I know your average audiophile will prefer say a Scanspeak tweeter to a Peerless but this is simply due to marketing. They are both very good of course but you could give me the best paint, the finest canvas and brushes but I’m not going to produce a Mona Lisa for you no matter how hard I try.

Overwhelmingly it is the crossover network that determines the sound you hear. You could take a retail $12 tweeter and $20 woofer drop them in a 12mm MDF box with very cheap electrolytic capacitors resistors and inductors and if those bits were phase and amplitude correct the sound would be surprisingly good.

Overall I would consider the component pecking order to be from most to least important to be thus: 1. crossover, 2. enclosure, 3. drivers (woofer, tweeter), 4. internal dampening materials and wiring.

Q: Your reference system includes valve amplifiers. Do you favour the use of valve amplifiers with your speakers?

We use valves almost exclusively in source components ie. preamplifiers and DAC’s At the moment we are using solid state for power amplifiers which produces and an excellent balance of liquidity and punch.

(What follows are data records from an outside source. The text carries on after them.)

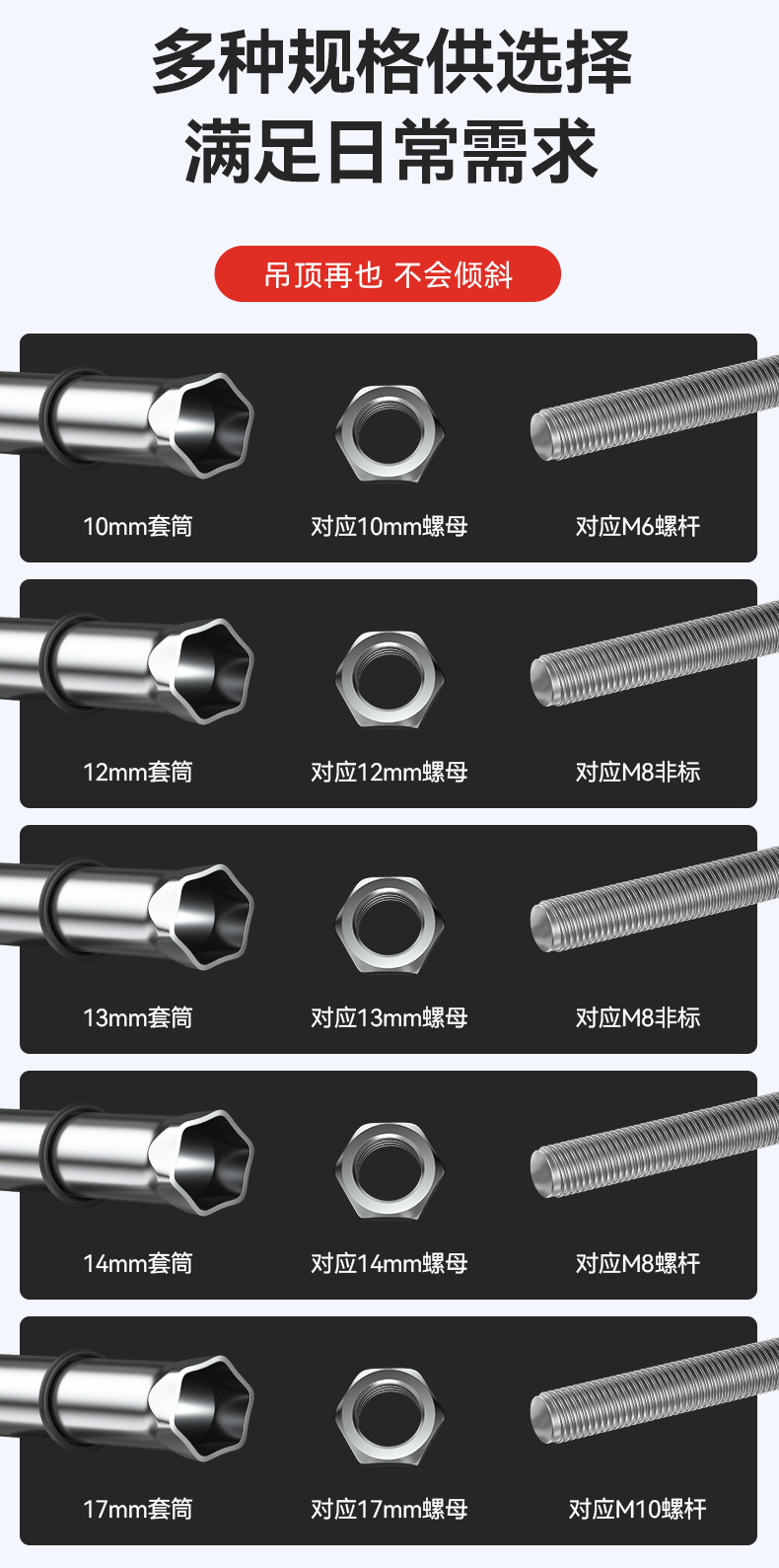 manga de ajuste de techo de quilla de acero ligero alta dureza 17mm alargada manga de ajuste de techo de madera hexagonal
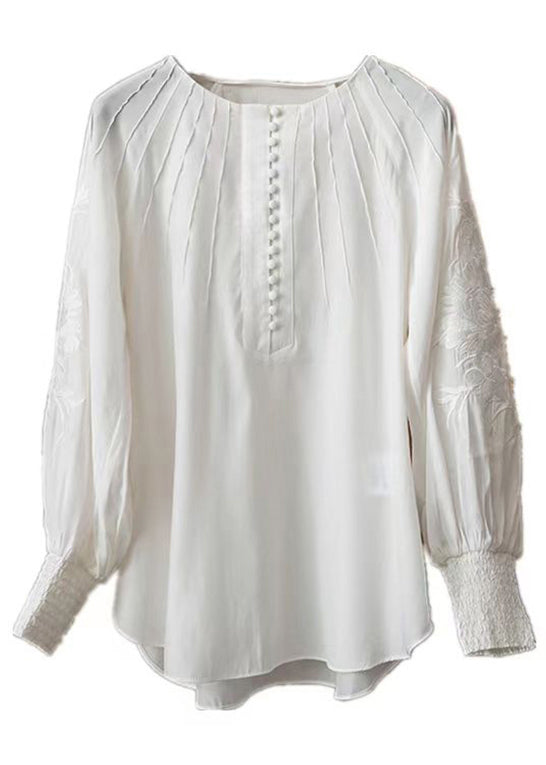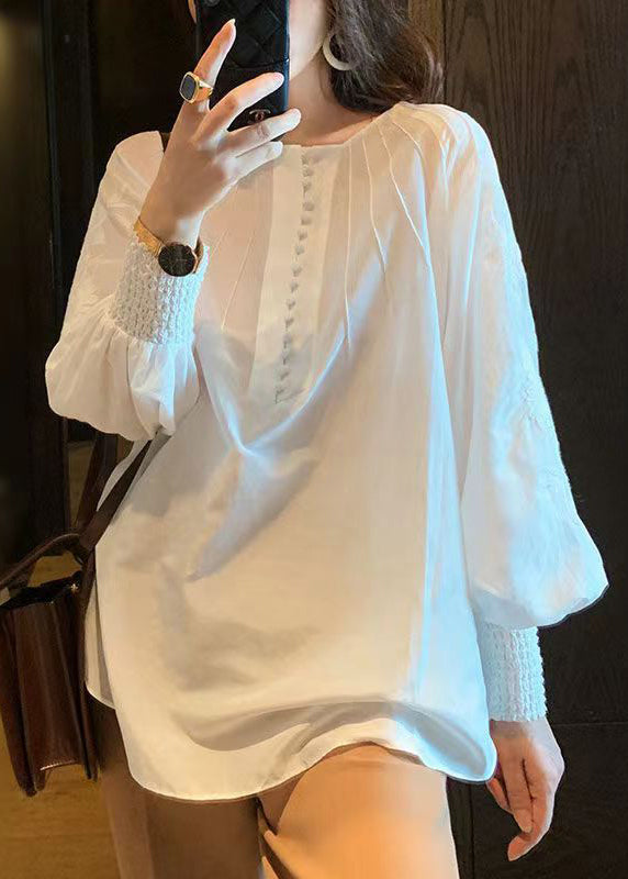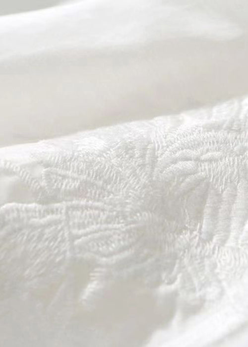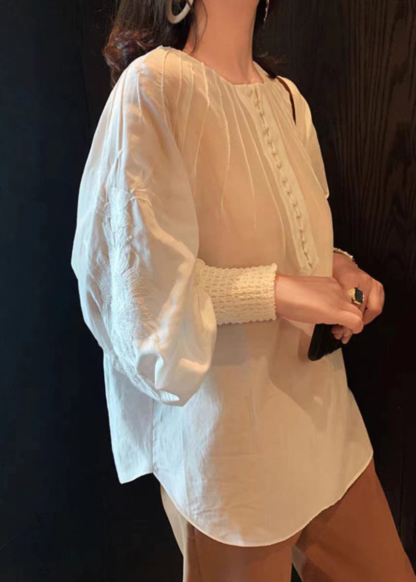 French White Embroidered Button Cotton Shirts Lantern Sleeve
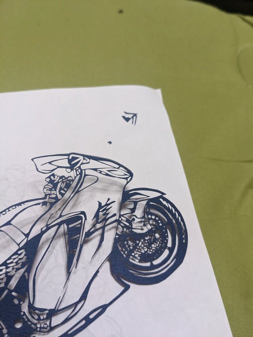 隼の切り絵御朱印、完成間近 なんか、小さなパーツが取れてしまったので、補強して、枠をつけて、朱印を押すところを作れば…ワクワクしますね〜♪ #バイク #切り絵御朱印 #隼乗りさん出遅れないように
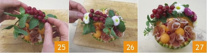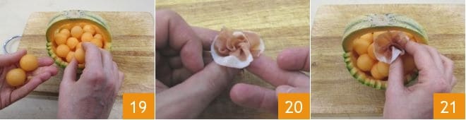 C'est le moment de remplir le panier : placez à l'intérieur les sphères de chair de melon 19 et les petites roses obtenues en enroulant en bouton les tranches de jambon (20 et 21),
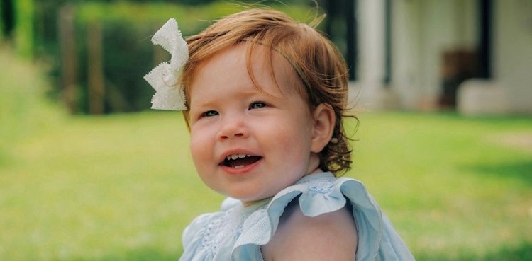 Wearing a light blue frock and white bow on her head, the red-haired toddler sat on the grass in a candid snapshot taken by close family friend Misan Harriman on Saturday, a spokesperson said.
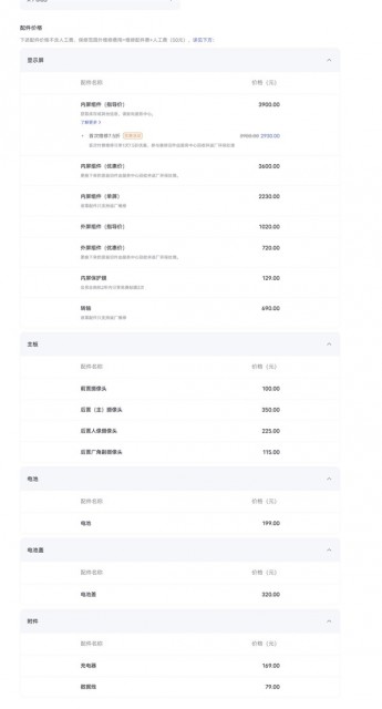 据vivo官网最新发布的信息显示,全新的vivo X Fold3的主板组件价格从3100元(12GB+256GB)到3700元不等,算是整机中价格最贵的部分,接下来的内屏组件维修价格为3900元,优惠后为2930元,相比之下优惠后的价格略微低一些,但这两个部分基本也都相当于一部还算不错的中高端机型的价格了。而外屏组件优惠价格为720元,后置摄像头组件价格分别为350元、225元和115元,前置摄像头组件售价为100元,电池为199元,这些价格就都不是很高了。
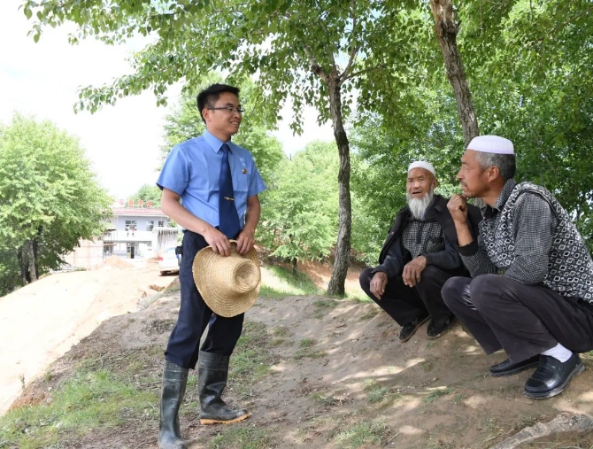 甘肃省东乡族自治县检察院帮扶干警与关卜岭村群众交流产业发展情况并开展普法宣传工作。
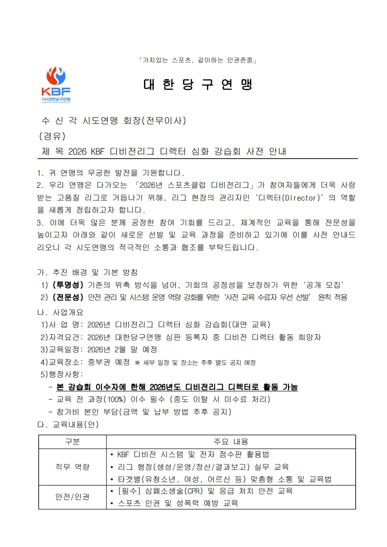 [°øÁö] 2026 KBF µðºñÀü¸®±× µð·ºÅÍ ½ÉÈ °½Àȸ »çÀü ¾È³»
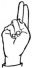 На ћирилици написано ТЕОФАН ПЕЦИЋ састоји се из 11 слова [?]. Исписано ћириличном једноручном азбуком за глувонеме:

Q: Your web site says that your loudspeakers are designed from first principles using hardnosed electrical and acoustical engineering. I think some people might then be surprised at your support for things like “exotic“ cables, cable burn in, special binding posts, and expensive passive components in crossovers. How did you come to the view that these are important to sound quality?

Ah ha, good point. Yes indeed I know for instance that many people say there is no such thing as cable burn in. Well there is. Sorry about that but anyone that says there isn’t will soon have egg on their face. The ML1’s for instance take 350hours before they are fully up to speed and I’m afraid that’s a fact. Those that say there isn’t are simply in denial. Unfortunately these naysayers will never put themselves in a position where it can be proved to them, that way they can hang onto their draconian views.

We had a customer arrive at the factory proclaiming he had never heard any difference between cables and directly asked if I could prove my claims to him. Not only did he immediately hear the significant improvement but his sister who is not an audiophile heard it immediately. He bought the cables.

Conversely another audiophile I know sits in front of the same comparison and after I say “did you hear an improvement?” He says “Ah well not sure, maybe, ah… not really… can you play it again?” or he seems to require hours of listening then says “I can hear a difference but how would you know it’s better?”. Who knows what he’s hearing. Not much apparently. Some people can’t hear it and I think it may slightly upset them internally so psychologically it’s safer to say it doesn’t exist .

  

Q : Most HiFi manufacturers and retailers seem pretty hard hit by a declining interest in audio in general and by the effects of the GFC in particular. What special qualities do Lenehan loudspeakers have that will help you survive in a very competitive marketplace and what can we expect from Lenehan audio in future?

We are very fortunate. The cables are flying and I have just put a dedicated cable builder on two weeks ago to supplement Ben who can only spend half his time on them. In the future we will have a range of models with the ML1’s , ML2’s and soon to released ML3’s.

We have seven pairs of ML1 and three pairs of ML3’s on back order now all with three week waiting times. Strictly speaking we are not manufacturers we are builders and we build to order. I think we are catching many sales that would otherwise have gone to some defunct highend dealer. I think some audiophiles who would otherwise have purchased a $15,000 speaker in a better economic environment are now selectively filtering down to us. Our prices are deliberately being kept low as I just don’t think people have the liquidity they once had.

Many thanks for your time, Mike. Best of luck with the future.